═════ EXTRACTED MATERIAL

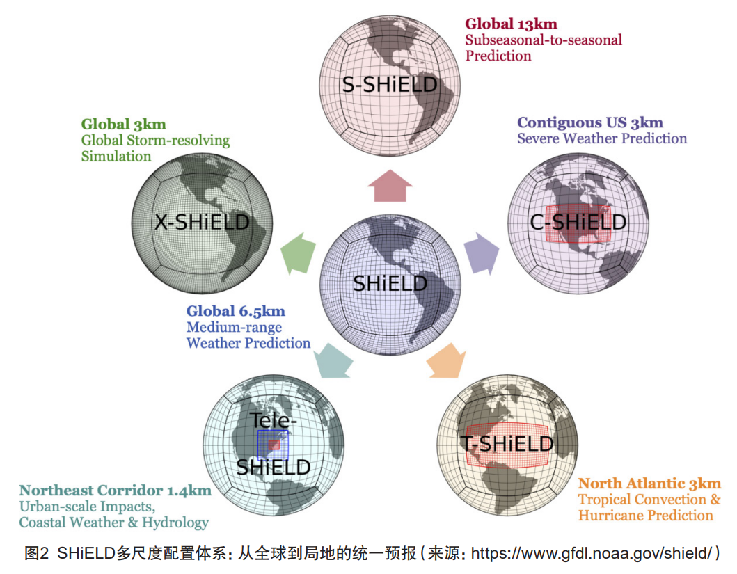 SHiELD 是基于 UFS 框架和 FV3 动力核心开发的高分辨率大气模式原型,支持 “单一代码、单一可执行文件、单一工作流程”,可配置运行于全球(如 6.5 km 中期预报)、区域(如 3 km 对流尺度、1 km 城市网格)等多种尺度。SHiELD 不仅支持科研与试验环境中的高分辨率试验,也为后续研发成果向 UFS 或其他 FV3 系统的无缝转化提供了平台(图 2),然而,其运行对超级计算资源的依赖极高,目前主要处于科研与试验阶段。
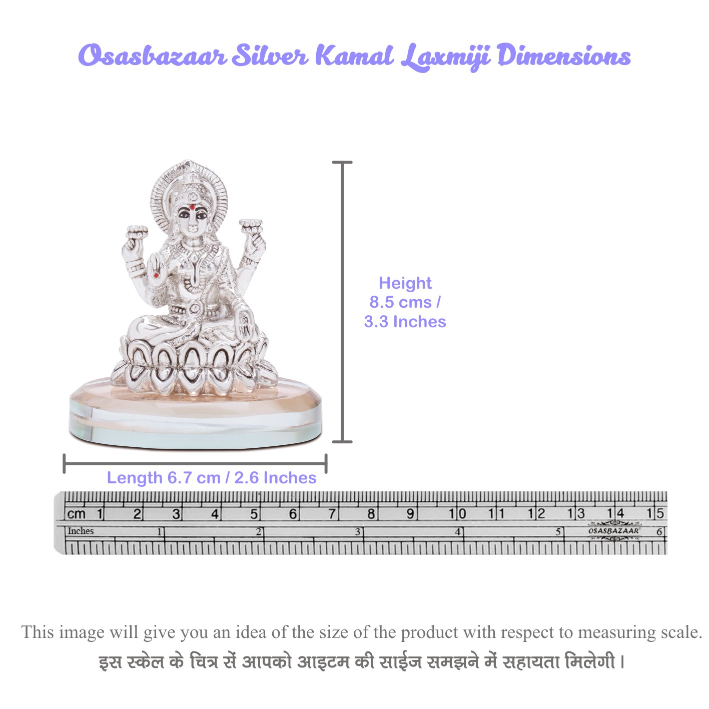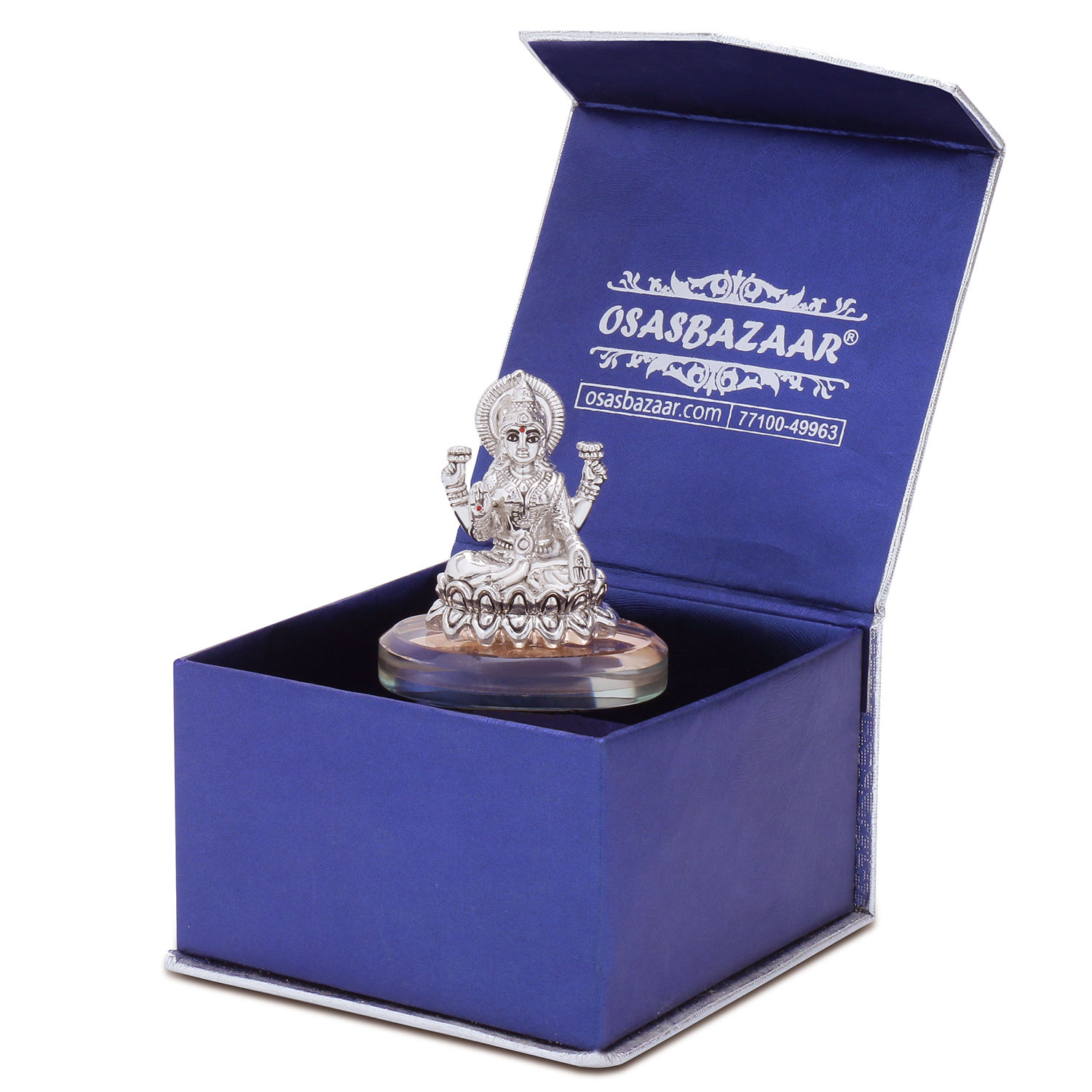 Osasbazaar Pure Silver Lakshmi Statue on Kamal Lotus on a Glass Base for Puja and Gifting – BIS Hallmarked:
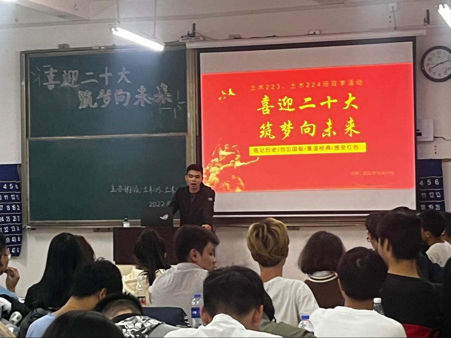 喜迎二十大双学活动。各班级组织同学举办以“喜迎二十大,筑梦向未来”为主题的双学活动。在现场,大家以多种表演形式充分展现了新时代青年的青春与活力,表达了大家的爱国情怀。
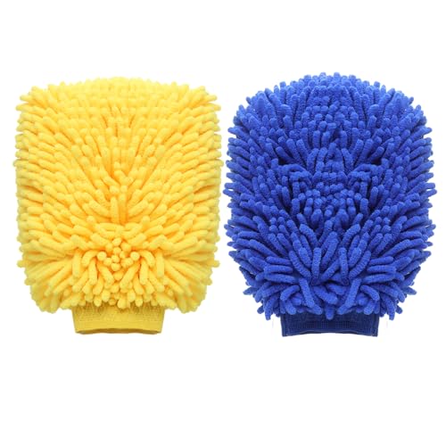 HARFINGTON - قفازات غسيل السيارات المصنوعة من المايكروفايبر والشانيل من هارفينجتون مقاس 10 انش × 7.5 انش، قفازات غسيل خالية من الخدوش، قفازات ماصة مزدوجة الجوانب، قفازات تجفيف لغسيل السيارات وتنظيف المنزل، ازرق
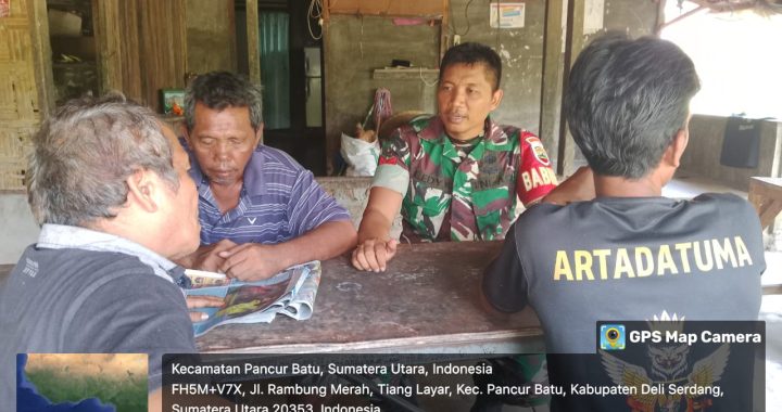 Pancur Baru – Babinsa Koramil 14/pancur batu,Serda Roy Ferdinand Sihotang melaksanakan Komunikasi Sosial (Komsos) dengan
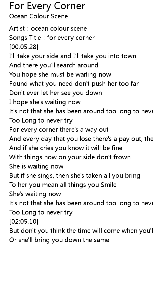 | [00:01.78] | Artist:ocean colour scene |

══════════

- WHAT YOU HAVE TO DO -
Give again exactly the lines from the one holding "喜迎二十大双学活动。各班级组" to the final line of the records, both ends included; any pictures stay out.

- RESPONSE -
 喜迎二十大双学活动。各班级组织同学举办以“喜迎二十大,筑梦向未来”为主题的双学活动。在现场,大家以多种表演形式充分展现了新时代青年的青春与活力,表达了大家的爱国情怀。
 HARFINGTON - قفازات غسيل السيارات المصنوعة من المايكروفايبر والشانيل من هارفينجتون مقاس 10 انش × 7.5 انش، قفازات غسيل خالية من الخدوش، قفازات ماصة مزدوجة الجوانب، قفازات تجفيف لغسيل السيارات وتنظيف المنزل، ازرق
 Pancur Baru – Babinsa Koramil 14/pancur batu,Serda Roy Ferdinand Sihotang melaksanakan Komunikasi Sosial (Komsos) dengan
 | [00:01.78] | Artist:ocean colour scene |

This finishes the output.